Extinction for a singular diffusion equation with strong gradient absorption revisited

TL;DR

This paper investigates finite time extinction of solutions to a singular diffusion equation with gradient absorption, identifying optimal initial decay conditions and extinction rates under specific parameter ranges.

Contribution

It provides the first precise characterization of initial decay rates and extinction rates for solutions of the singular diffusion equation with gradient absorption.

Findings

Identifies optimal initial decay conditions for finite time extinction.

Derives optimal extinction rates near the extinction time.

Establishes parameter ranges for extinction phenomena.

Abstract

When $2N/(N+1)<p<2$ and $0<q<p/2$, non-negative solutions to the singular diffusion equation with gradient absorption $$\partial\_tu-\Delta\_p u + |\nabla u|^q=0 \ \text{ in }\ (0,\infty)\times\mathbb{R}^N$$ vanish after a finite time.
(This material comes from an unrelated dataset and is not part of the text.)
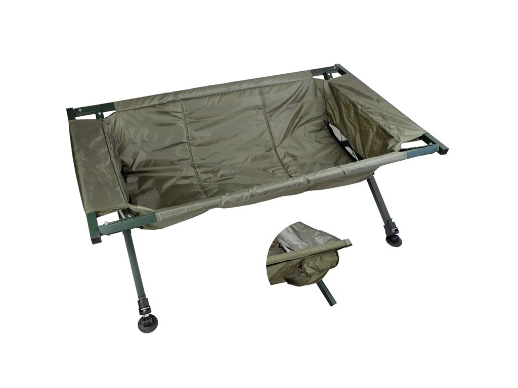 Všichni jistě znáte problémy s odháčkováním ryb. Ryba sebou neustále šije a občas hrozí, že Vám skončí háček v ruce. Proto je vhodné mít po ruce tuto čtyrnohou kolébku pod ryby. Je vyrobena z hliníku, proto má lehkou a pevnou konstrukci. V hluboké vaničce kolébky bude uvězněna téměř každá ryba bez šance uniknout. Proto ji můžete velice snadno odháčkovat. Ve vaničce kolébky jsou dvě postranní odtokové síťky, které dovolí vodě lehce odtéct. Díky tomu se Vám bude snadno s rybou pracovat. Čtyři nastavitelné nohy Vám zaručí stabilitu v jakémkoliv terénu. Spodní část nohou je možno posunout o 7 centimetrů, tím snadno vyrovnáte vaničku do stabilní polohy. Boční kapsa poskytuje dostatek prostoru pro uložení nástrojů, například pro odháčkování či měření. - Rozměry: 120 x 69 x 43 cm - Transportní rozměry : 120 x 24 x 15 cm Výrobce: Carp Zoom VideoDoplňkové parametry

This phenomenon is usually referred to as finite time extinction and takes place provided the initial condition $u\_0$ decays sufficiently rapidly as $|x|\to\infty$. On the one hand, the optimal decay of $u\_0$ at infinity guaranteeing the occurence of finite time extinction is identified. On the other hand, assuming further that $p-1<q<p/2$, optimal extinction rates near the extinction time are derived.